Вернувшись в Европу, я был бы обречен всякий раз, когда мысль моя вновь устремится к Гималаям, видеть Дарджилинг в бесшумно и неустанно моросящем февральском дожде, среди наслоений тумана, и смотреть на блуждающие в сумерках горы, которые бы уже никогда не остановились, не случись одного происшествия, существующего для меня как бы вне времени и пространства, не связанного ни с порой дня, ни года, но с сердцем человеческим, которое везде и всегда — пока стоит наш мир — одинаково любит и страдает.
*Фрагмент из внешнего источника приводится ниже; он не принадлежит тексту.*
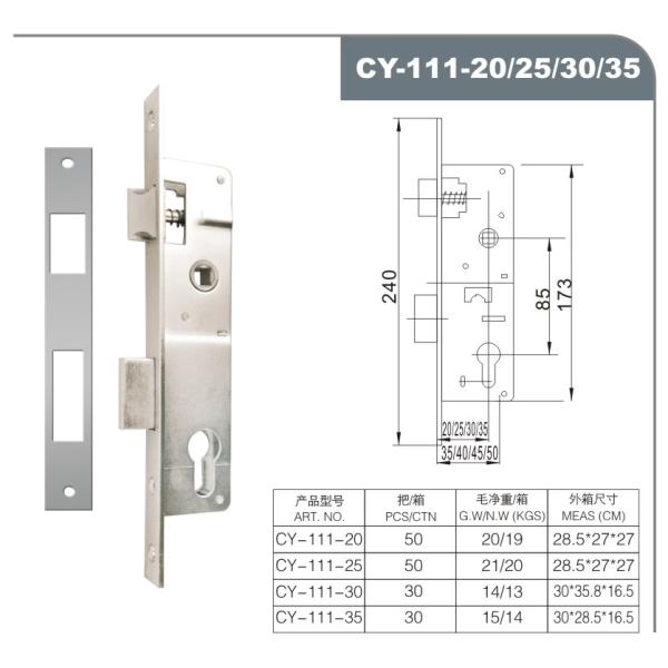Aluminum Door Lock Durability Anti-theft Standard A Backset 20/25/30/35mm

Как-то пополудни пятеро рикш-тибетцев отвезли меня к единственному на всю округу храму, расположенному на самой окраине горного селения, куда нужно было долго и трудно добираться узкими, крутыми тропками. Святилище имело довольно убогий вид, напоминая беленый сарай, и почти не отличалось от жилищ тибетской бедноты. Храм стоял у края отвесного обрыва, в окружении нескольких никем не опекаемых деревьев, и с расстояния его можно было принять за средней руки постоялый двор.

Идя к нему по размокшей земле, я слышал монотонный звук, который издавали, вращаясь, молитвенные мельницы. Под навесом святилища стоял цилиндр, примерно в рост человека, сверху до низу покрытый письменами. Храмовый служка в желтом одеянии вращал его ладонью, так что он поворачивался на подставке вокруг своей оси. Каждый оборот этого цилиндра был равнозначен прочтению тысячи густо написанных на нем молитв.

В храме было темно, как в погребе. За грубой деревянной решеткой стояли изваяния божков, тускло отливающие превратившейся в бронзу позолотой. В этих фигурах не было и тени покоя — все они стояли либо сидели в совершенно диких, невообразимых позах, словно родились из клубящихся вокруг бесформенных клочьев тумана.

Из бесчисленных наполненных маслом горшочков поблескивали чахлые огоньки — точно отсветы маленьких ночников. Они были расставлены перед решеткой, будто сосуды с пищей для божков, покрывая копотью жирные лица идолов и оживляя их трепетным мерцанием крохотных язычков пламени.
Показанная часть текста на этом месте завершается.